Lemon cake with organic fruits

Lemon cake with organic fruits


Ingredients for lemon cake:

·       1 butter cube (250 g)

·       1.5 glass of sugar

·       2 and 1/4 cups of flour

·       4 eggs

·       1 and 1/2 tsp. baking powder

·       zest and juice of one large lemon

·       ½ cup currants


 Lemon glaze:

·       1 cup powdered sugar

·       a few drops of lemon juice

·       5-6 tbsp water


In addition:

·       Blueberries and raspberries

·       Powdered sugar


Cream the butter (at room temperature) with the sugar until smooth.
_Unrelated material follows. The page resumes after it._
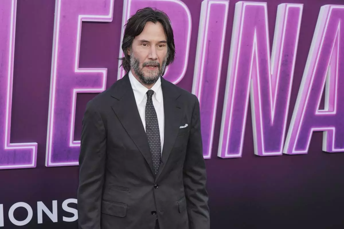 Keanu Reeves arrives at the premiere of "Ballerina" on Tuesday, June 3, 2025, at TCL Chinese Theatre in Los Angeles. (AP Photo/Chris Pizzello)
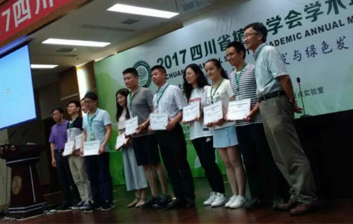 此次学术年会还通过会前自由申报、评选,首次颁发了2015-2016年度研究生优秀论文奖。成都生物所李月娇、王东、张子良等分别获得了“2017年四川省植物学会学术年会”优秀论文一、二、三等奖。

Without stopping the mixer, add one egg at a time.

Then gradually pour in flour mixed with baking powder, mix everything.

Finally, add grated lemon peel (the lemon should be scorched beforehand) and the juice squeezed from it, mix.

Add washed and dried currants and stir gently with a spoon.

Preheat the oven to 180 degrees.

Transfer the dough to a round mold. Place in the preheated oven and bake for about 35-40 minutes.

Mix powdered sugar, lemon juice and water in a bowl.

Glaze the cooled cupcake, put the fruits on top and sprinkle with powdered sugar.